The filters themselves are use Perl-like regular expression parsing syntax. This is not the same as the DOS style wildcards. For example the DOS style *.jpg would be written as .*\.jpg in RegEx. The "." means "match any single character" and the "\" is an escape character so the second dot is taken literally instead of a command in the expression. Read more about common RegEx expressions and how to build basic expressions at http://www.newsbin.com/nb33help/regexp.htm.
Subject Filters
Any expression entered here is applied to the subject portion of a post. Headers are filtered and hidden from the Post List if there is a filter hit based on your settings. Many posters include the filename of the the attached file in the subject. Doing a filename type filter in the Subject Filters is more efficient then using the Filename Filters (read more about this in the next section) but the filtering is not 100% correct sicne the filename in the subject may not be the same as the actual filename. Checking the "Show Filtered Posts" checkbox on the main screen will allow filtered posts to be seen in the Post List.
Filename Filters
Any expression entered here is applied to the actual filename of the attached file. It does not match the filename given in the subject header as those are sometimes different, especially when it comes to spam or viruses. Because NewsBin does not know the actual filename until the binary portion of the post is being downloaded, these posts will be seen in the Post List unless they are filtered by a subject filter. When a filter hit is made on a filename, NewsBin must drop the connection to terminate the download and then re-connect to continue downloading other queued posts. Some news server do behave well to dropped connections, especially if you hit a long run of filenames that hit your filter. Subject Filters should always be used before Filename filters for performance reasons but it would be prudent to use Filename filters as a backup to catch unwanted .exe, .scr, .pif, .vbs, or other suspicious or unwanted filenames.
File Size and Crossposts
You can set a minimum file size, maximum file size, or both for limiting the size of files that NewsBin will download. The file size filter is based on the file size reported in the header data and may not reflect the actual file size in the case of spam or virus postings.
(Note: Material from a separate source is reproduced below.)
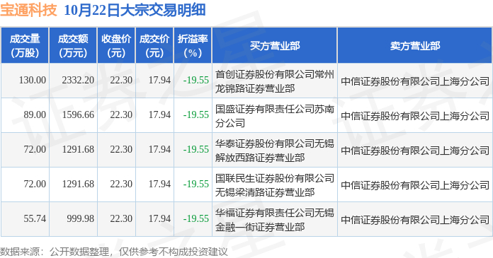 10月22日宝通科技现5笔折价19.55%的大宗交易 合计成交7512.2万元

The Crosspost filter tells NewsBin to filter out any post that was posted to more than X different newsgroups. X being some number that you configure.
Defining Filter Sets
To save a set of filters defined for a specific category of files, you can define a name identifying your set up filters. Do this by clicking the "New" button under "Filter Options" and specify a name for your new filter set. If you have a previous filter set defined that is close to what you want the new filter set to be, you can specify the other filter set as a "Template" and that will be used as a starting point for your new filter set. Once you have named your filter set, configure your filters and then hit "OK". If you want to change a filter set, go into the filters menu and select the filter set you want to modify. The filters will then be displayed on the screen.
To use a pre-defined filter set, use the "Apply Filter Profile" option on the main screen. This filter will apply to all download performed from that time forward. You can also assign filter set to be used for different groups by right-clicking on the group name and selecting "Filter Profile". Whenever you download from that group, the specified filter set will always be used.